Venezuelan President Nicolas Maduro announced a sweeping crackdown Saturday under a new emergency decree, ordering the seizure of paralyzed factories, the arrest of their owners and military exercises to counter alleged foreign threats.
The embattled leftist is struggling to contain a raging economic crisis that has led to food shortages, soaring prices, riots, looting and vigilante justice, pushing Venezuela to the brink of collapse.
He accused the United States on Friday of destabilizing the country at the behest of the "fascist Venezuelan right," prompting him to declare a state of emergency.
Addressing his supporters at a rally in central Caracas on Saturday, Maduro announced some of the actions to be taken under the decree, which has not yet been published.

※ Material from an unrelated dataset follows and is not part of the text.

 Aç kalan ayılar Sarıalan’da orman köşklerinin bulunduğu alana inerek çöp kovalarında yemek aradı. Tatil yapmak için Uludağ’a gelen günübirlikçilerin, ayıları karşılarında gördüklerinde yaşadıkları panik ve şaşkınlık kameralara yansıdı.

"We must take all measures to recover productive capacity, which is being paralyzed by the bourgeoisie," he told the cheering, red-clad crowd.

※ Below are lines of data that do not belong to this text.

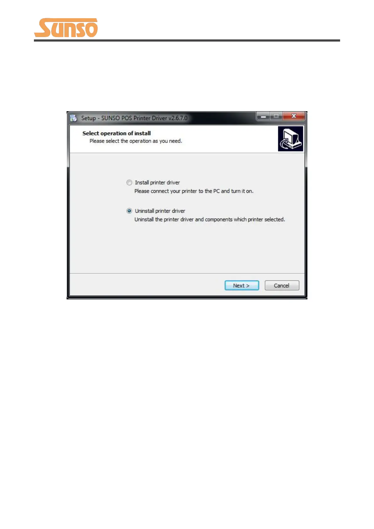 2) Choose “Uninstall printer driver, click “Next.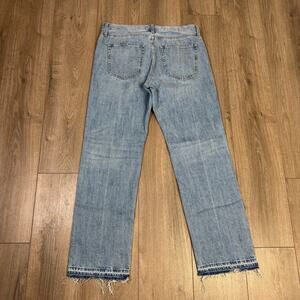 J.Crew Mid-Rise Straight Leg Jean WMNS 29 Elise Wash Blue Rigid Denim Frayed Hem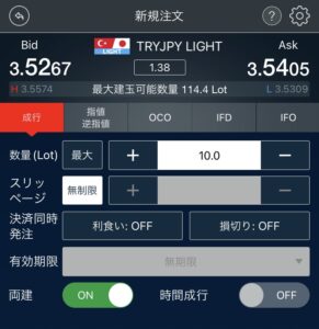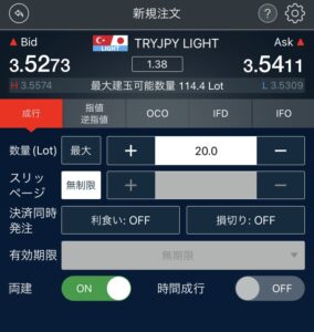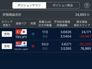 LIGHTモードの買いは、1lot-20lotずつしか買えないので、20lot、10lotというように2回に分けて購入することと、売りポジションは触らないことがポイントです!!(スワップは受け取っても受け取らなくても大丈夫🙆‍♀️)

"Anyone who wants to halt (production) to sabotage the country should get out, and those who do must be handcuffed and sent to the PGV (Venezuelan General Penitentiary)."
The move comes after the largest food and beverage company in Venezuela, the Polar Group, halted production of beer on April 30, saying government mismanagement meant it was no longer able to import barley.
The company's owner, billionaire businessman Lorenzo Mendoza, is a vocal opponent of Maduro, and the president has accused him of conspiring against his government.
Maduro also ordered military exercises next Saturday "to prepare ourselves for any scenario," denouncing alleged plans for an "armed intervention."
- Ticking bomb -
Opposition leaders accused Maduro of using the emergency decree to destabilize the country and block them from organizing a referendum on removing him from office.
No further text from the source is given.